Тому, что Кузнецову что-то трудно, — я вообще не верю. Он регулярно звонит мне, пролетая транзитом через Москву в Ханты-Мансийск или в Барселону, туда, где у него фестиваль или конференция по делам инвалидов. Бодрый как пионер.
Мы пьем кофе с пиццей, и мне не слишком удобно заниматься трепанацией его прошлого, но выхода нет: Кузнецов — единственный друг, который вырос в детдоме. Он предлагает: «А хочешь, завтра поедем в Павловск, в мой родной детдом? Меня пускают, я эксперт при губернаторе по делам инвалидов. А ты будешь меня сопровождать».
Так выяснится, что Юрка свой дом, пусть и казенный, не проклял и не забыл, и уже несколько лет ездит туда регулярно с друзьями-волонтерами. Меняет там атмосферу. И разговор наш закольцуется вокруг так мною и не произнесенной темы: есть ли шансы стать счастливым, если государство по факту твоей инвалидности посчитает, что счастье — слишком большая роскошь?
Из разговора с Кузнецовым:
— Юр, а твое имя откуда?
— По всей видимости, родители дали. Моя школьная воспитательница поехала в архив и случайно нашла мое личное дело, она его тайком забрала и привезла мне. Я уже подростком был. По документам выходило, что отца осудили 1 января 65-го года, а 6 мая я родился. Я был нежеланный ребенок, я думаю, моя инвалидность — следствие маминых переживаний, мне трудно допустить, что моя инвалидность — это неудачная попытка от меня избавиться. У меня к маме нет никаких претензий. Раньше были. Я лет в 13 пытался мучительно понять, а зачем я вообще родился, на хрена я кому-то нужен?! Маму пытался искать.

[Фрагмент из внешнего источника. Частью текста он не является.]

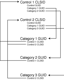 Component categories are a natural extension of this process. They allow a control to describe its functionality in far more detail than plain OLE interface signatures. When a control self-registers in the system registry, it adds entries under its CLSID for the GUID for a control, the GUID for each category that it supports, and the GUID of each category that it requires support for from a container in order to function properly. Additionally, it registers its own CLSID under each category registry entry (see Figure 13.2).
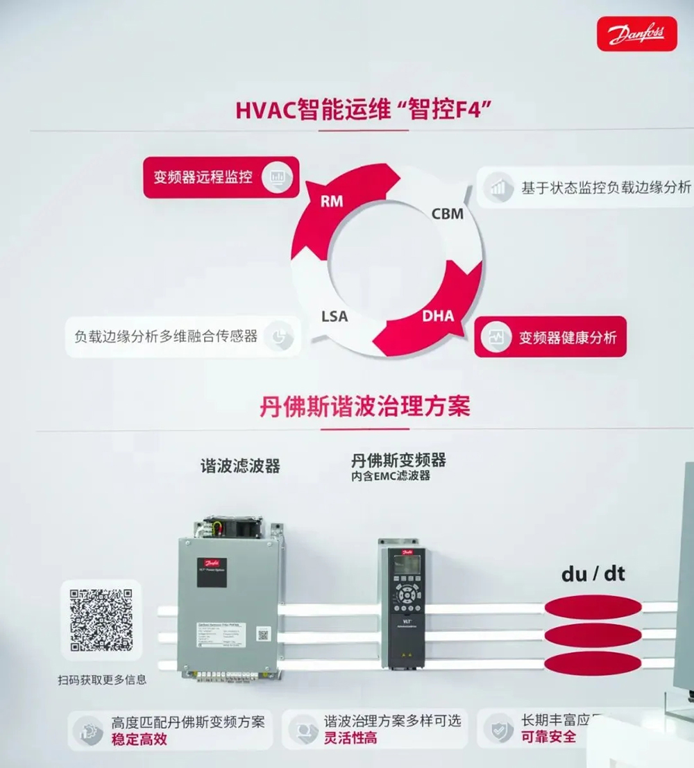 丹佛斯擁有多種諧波抑制的解決方案,有效降低諧波含量,提高了系統(tǒng)效率,實(shí)現(xiàn)長期穩(wěn)定運(yùn)行。丹佛斯經(jīng)認(rèn)證的控制諧波的解決方案包含有源濾波器、高級(jí)無源濾波器、低諧波變頻器、多脈沖變頻器及有源前端變頻器。此外,丹佛斯以“丹管家”智能運(yùn)維解決方案為核心,為綠色廠務(wù)提供從監(jiān)測到優(yōu)化的全鏈路支持,包含變頻器遠(yuǎn)程監(jiān)控(RM)、基于狀態(tài)監(jiān)控負(fù)載邊緣分析(CBM)、變頻器健康分析(DHA)及負(fù)載邊緣分析多維融合傳感器(LSA),可有效降低老舊廠房綠色改造升級(jí)的成本,經(jīng)濟(jì)價(jià)值凸顯。
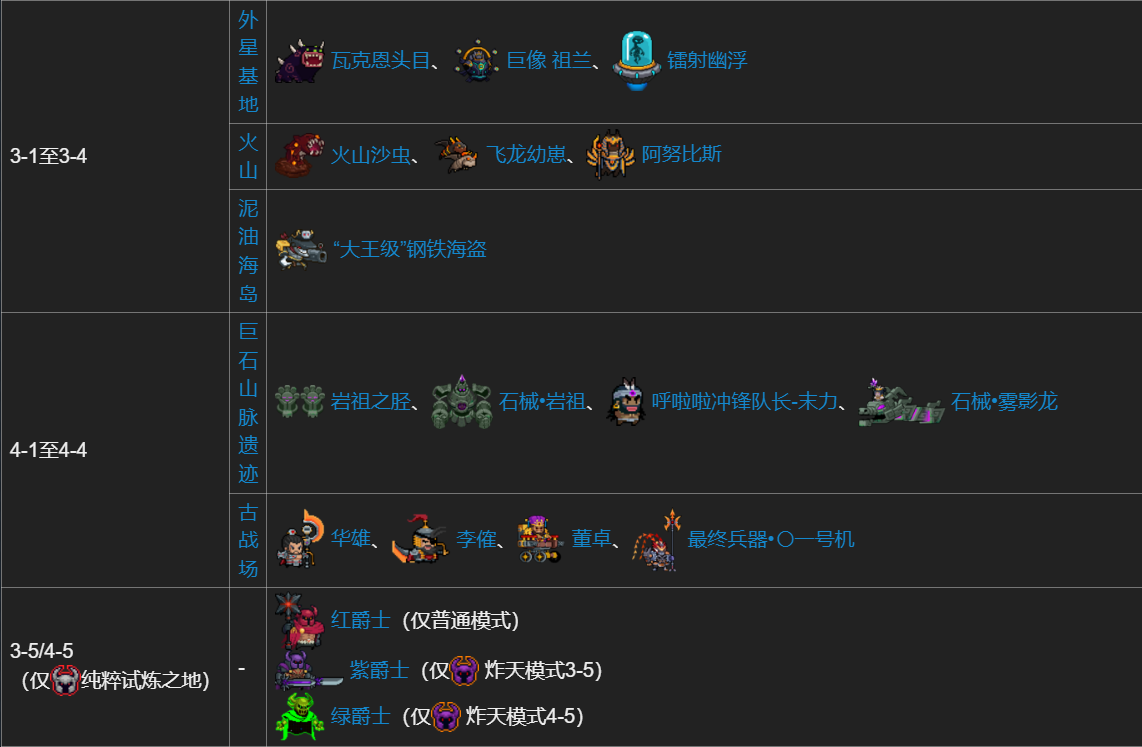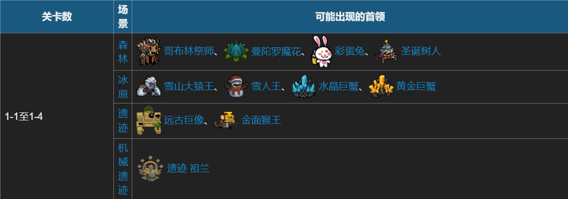 每小关中生成的首领不会重复。比如玩家在3-1小关中击败 巨像 祖兰并进入下一小关后,随后的小关将不会再次出现该首领。

— Ты понимал тогда, что детский дом — это не норма?
— Когда говорят, что ребенок в детдоме несчастный, — это и правда, и неправда одновременно. Ребенок найдет счастье всегда, даже там, где это невозможно. До 10 лет своей жизни я не знал, что можно жить не в детском доме. В 10 лет мне неимоверно повезло, я заболел стригущим лишаем — один из всех. И меня увезли в кожную больницу. Я там первый раз пирожное попробовал: мне кочегар — дядя Вася — эклер принес. Я не знал, как его есть. Я там увидел, что у всех есть родители и обычные дети живут дома. Для меня вообще открытием было, что есть такое явление в жизни, как семья.
Когда меня выписывали, кожная больница отправила в детдом письмо, что такому ребенку, как я, не место в доме для умственных инвалидов. У меня до сих пор не складывается в голове этот пазл удачи. Я все думаю: «Выходит, мой лишай — это мой главный жизненный приз. Не попал бы я в больницу, не увидел другую жизнь, я, может, и стремиться ни к чему бы не стал».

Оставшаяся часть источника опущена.